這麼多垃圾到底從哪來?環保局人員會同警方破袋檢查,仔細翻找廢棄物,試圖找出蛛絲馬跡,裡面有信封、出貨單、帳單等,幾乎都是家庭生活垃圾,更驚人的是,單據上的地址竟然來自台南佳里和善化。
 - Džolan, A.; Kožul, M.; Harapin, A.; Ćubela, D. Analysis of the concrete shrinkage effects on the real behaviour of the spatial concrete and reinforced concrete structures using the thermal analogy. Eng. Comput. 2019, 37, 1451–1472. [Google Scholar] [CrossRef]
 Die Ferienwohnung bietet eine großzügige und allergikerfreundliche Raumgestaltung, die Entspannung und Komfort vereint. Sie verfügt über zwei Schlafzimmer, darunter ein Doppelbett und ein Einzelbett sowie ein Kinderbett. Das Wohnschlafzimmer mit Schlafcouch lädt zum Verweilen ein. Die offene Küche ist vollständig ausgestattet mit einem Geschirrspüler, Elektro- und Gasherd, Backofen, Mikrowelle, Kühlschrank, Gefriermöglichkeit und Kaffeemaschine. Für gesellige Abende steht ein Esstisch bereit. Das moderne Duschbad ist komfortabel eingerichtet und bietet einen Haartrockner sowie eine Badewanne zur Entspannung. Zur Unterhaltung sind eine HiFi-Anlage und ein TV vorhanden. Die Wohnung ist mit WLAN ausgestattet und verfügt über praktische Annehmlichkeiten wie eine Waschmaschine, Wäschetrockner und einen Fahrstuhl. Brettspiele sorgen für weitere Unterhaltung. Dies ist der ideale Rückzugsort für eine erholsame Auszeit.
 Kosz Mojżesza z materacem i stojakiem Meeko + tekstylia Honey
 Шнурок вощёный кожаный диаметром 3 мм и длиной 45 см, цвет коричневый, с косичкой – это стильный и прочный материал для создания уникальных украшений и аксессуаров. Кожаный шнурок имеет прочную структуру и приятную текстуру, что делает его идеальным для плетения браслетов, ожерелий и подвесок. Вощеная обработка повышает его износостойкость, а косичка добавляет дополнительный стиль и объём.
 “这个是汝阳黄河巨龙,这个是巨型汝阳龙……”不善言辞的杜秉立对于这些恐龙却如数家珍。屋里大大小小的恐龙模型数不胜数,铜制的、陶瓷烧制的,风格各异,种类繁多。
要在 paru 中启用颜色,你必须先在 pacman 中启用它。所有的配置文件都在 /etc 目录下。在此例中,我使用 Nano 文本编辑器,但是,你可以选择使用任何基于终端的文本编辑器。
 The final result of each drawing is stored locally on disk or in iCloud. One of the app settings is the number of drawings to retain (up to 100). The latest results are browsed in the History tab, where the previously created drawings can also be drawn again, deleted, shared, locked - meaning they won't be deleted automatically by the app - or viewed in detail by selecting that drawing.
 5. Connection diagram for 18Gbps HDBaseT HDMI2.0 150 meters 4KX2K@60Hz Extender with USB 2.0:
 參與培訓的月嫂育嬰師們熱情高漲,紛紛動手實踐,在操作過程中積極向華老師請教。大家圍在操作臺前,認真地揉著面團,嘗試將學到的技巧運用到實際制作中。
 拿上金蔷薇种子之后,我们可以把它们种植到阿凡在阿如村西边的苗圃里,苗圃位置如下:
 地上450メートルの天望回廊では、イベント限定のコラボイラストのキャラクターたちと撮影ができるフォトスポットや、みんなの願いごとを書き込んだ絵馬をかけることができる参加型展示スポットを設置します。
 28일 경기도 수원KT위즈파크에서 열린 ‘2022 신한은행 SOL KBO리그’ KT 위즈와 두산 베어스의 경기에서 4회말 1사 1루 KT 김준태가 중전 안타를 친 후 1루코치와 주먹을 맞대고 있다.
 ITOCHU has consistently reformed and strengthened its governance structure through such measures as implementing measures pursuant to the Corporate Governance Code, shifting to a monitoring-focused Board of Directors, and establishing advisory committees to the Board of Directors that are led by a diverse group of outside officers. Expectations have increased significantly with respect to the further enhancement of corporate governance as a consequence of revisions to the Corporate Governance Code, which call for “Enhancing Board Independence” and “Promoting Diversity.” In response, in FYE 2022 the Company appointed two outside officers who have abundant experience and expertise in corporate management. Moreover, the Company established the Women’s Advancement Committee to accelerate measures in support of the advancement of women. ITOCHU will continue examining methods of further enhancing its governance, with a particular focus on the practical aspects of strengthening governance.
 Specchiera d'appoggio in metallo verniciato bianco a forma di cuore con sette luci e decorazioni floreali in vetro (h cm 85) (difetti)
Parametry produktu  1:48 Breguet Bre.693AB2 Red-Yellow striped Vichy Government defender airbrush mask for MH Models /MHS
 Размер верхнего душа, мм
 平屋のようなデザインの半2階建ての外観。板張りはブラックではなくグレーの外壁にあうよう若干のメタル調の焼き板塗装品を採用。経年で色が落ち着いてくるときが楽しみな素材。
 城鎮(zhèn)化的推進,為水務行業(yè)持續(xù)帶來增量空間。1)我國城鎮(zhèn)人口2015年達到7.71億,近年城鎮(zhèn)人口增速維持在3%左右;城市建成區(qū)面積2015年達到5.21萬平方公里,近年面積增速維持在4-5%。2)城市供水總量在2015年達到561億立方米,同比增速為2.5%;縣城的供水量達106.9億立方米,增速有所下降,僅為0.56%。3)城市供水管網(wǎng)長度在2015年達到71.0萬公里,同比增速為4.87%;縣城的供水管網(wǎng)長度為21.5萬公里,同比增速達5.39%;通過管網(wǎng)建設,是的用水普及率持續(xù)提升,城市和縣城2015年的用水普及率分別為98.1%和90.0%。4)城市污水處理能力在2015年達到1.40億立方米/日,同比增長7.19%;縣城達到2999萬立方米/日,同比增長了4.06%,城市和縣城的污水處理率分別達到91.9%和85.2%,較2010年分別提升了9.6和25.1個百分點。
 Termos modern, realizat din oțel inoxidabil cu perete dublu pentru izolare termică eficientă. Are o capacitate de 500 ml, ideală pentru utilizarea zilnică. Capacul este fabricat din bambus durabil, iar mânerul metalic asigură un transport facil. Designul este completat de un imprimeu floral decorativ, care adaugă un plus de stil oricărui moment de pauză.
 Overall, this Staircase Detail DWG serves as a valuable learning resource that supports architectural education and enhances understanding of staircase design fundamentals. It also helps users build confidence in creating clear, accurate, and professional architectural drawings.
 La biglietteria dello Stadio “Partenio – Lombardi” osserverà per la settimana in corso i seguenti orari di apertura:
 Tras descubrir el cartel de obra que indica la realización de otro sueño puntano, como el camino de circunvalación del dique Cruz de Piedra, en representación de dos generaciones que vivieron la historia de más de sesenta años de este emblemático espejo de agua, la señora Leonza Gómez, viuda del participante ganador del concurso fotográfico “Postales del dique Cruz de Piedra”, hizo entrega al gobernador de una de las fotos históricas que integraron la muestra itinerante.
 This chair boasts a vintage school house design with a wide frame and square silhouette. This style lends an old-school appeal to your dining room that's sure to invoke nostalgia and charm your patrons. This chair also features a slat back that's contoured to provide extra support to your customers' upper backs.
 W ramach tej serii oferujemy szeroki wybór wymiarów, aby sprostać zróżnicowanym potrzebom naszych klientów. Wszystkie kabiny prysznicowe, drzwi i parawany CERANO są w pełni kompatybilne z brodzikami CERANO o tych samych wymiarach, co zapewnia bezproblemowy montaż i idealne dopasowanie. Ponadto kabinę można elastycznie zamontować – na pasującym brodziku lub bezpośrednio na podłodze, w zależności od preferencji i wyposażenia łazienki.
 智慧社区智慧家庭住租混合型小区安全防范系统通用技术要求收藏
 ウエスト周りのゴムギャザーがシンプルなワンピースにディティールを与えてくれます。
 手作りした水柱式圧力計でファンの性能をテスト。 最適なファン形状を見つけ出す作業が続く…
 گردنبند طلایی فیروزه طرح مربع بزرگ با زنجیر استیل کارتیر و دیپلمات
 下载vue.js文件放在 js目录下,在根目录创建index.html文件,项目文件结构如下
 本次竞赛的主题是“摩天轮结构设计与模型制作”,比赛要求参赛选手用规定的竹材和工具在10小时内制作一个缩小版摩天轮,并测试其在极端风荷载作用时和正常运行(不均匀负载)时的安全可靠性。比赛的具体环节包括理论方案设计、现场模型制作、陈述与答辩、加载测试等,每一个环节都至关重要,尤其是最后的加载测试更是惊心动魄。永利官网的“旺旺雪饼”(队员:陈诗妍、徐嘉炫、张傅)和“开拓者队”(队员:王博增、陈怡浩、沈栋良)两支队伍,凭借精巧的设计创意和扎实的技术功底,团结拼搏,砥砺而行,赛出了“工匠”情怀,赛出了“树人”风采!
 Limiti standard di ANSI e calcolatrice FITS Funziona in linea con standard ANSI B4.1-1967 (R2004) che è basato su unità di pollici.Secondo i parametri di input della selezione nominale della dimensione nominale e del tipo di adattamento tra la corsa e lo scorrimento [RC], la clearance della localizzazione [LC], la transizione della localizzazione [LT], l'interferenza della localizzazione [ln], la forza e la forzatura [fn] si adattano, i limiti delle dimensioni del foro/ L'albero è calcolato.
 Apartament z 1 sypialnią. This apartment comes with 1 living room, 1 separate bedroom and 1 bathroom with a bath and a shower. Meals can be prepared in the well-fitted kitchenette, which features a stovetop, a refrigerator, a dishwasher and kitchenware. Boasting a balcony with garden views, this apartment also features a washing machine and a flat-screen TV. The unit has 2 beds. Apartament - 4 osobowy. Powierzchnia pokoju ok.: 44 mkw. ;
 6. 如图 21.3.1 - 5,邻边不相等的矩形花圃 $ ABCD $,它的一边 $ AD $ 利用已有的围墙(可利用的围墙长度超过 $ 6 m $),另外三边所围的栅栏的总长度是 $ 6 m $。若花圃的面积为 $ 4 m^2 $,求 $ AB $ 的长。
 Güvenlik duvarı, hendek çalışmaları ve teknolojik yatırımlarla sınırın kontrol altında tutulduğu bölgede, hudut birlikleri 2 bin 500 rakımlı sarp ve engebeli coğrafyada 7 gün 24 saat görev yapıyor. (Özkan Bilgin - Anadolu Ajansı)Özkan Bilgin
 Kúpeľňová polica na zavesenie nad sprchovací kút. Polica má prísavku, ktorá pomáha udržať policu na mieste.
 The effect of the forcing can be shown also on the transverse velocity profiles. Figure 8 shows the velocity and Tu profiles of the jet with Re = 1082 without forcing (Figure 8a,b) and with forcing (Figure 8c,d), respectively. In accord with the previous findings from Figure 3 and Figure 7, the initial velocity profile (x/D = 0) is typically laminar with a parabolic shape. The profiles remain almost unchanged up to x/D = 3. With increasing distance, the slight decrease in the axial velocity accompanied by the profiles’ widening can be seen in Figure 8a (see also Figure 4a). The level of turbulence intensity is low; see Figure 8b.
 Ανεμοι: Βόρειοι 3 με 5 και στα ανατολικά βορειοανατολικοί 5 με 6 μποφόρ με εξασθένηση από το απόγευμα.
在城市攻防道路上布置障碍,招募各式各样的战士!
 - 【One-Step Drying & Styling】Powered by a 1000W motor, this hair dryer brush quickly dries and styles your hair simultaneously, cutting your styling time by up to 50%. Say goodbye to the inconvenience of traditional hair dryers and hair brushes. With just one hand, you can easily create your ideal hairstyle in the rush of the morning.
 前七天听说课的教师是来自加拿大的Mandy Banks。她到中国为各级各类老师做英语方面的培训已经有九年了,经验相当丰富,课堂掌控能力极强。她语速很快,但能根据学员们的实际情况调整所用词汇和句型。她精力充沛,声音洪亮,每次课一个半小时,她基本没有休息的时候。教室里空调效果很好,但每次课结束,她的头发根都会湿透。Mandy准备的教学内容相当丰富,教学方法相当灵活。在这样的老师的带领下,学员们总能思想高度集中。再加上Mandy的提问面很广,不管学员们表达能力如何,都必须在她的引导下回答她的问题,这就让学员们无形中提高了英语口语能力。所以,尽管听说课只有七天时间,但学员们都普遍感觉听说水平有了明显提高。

### ABOUT THIS TASK
You are asked to reproduce word for word the line containing "- 【One-Step Drying" and every subsequent line through the end of the entries.

### TASK OUTPUT
 - 【One-Step Drying & Styling】Powered by a 1000W motor, this hair dryer brush quickly dries and styles your hair simultaneously, cutting your styling time by up to 50%. Say goodbye to the inconvenience of traditional hair dryers and hair brushes. With just one hand, you can easily create your ideal hairstyle in the rush of the morning.
 前七天听说课的教师是来自加拿大的Mandy Banks。她到中国为各级各类老师做英语方面的培训已经有九年了,经验相当丰富,课堂掌控能力极强。她语速很快,但能根据学员们的实际情况调整所用词汇和句型。她精力充沛,声音洪亮,每次课一个半小时,她基本没有休息的时候。教室里空调效果很好,但每次课结束,她的头发根都会湿透。Mandy准备的教学内容相当丰富,教学方法相当灵活。在这样的老师的带领下,学员们总能思想高度集中。再加上Mandy的提问面很广,不管学员们表达能力如何,都必须在她的引导下回答她的问题,这就让学员们无形中提高了英语口语能力。所以,尽管听说课只有七天时间,但学员们都普遍感觉听说水平有了明显提高。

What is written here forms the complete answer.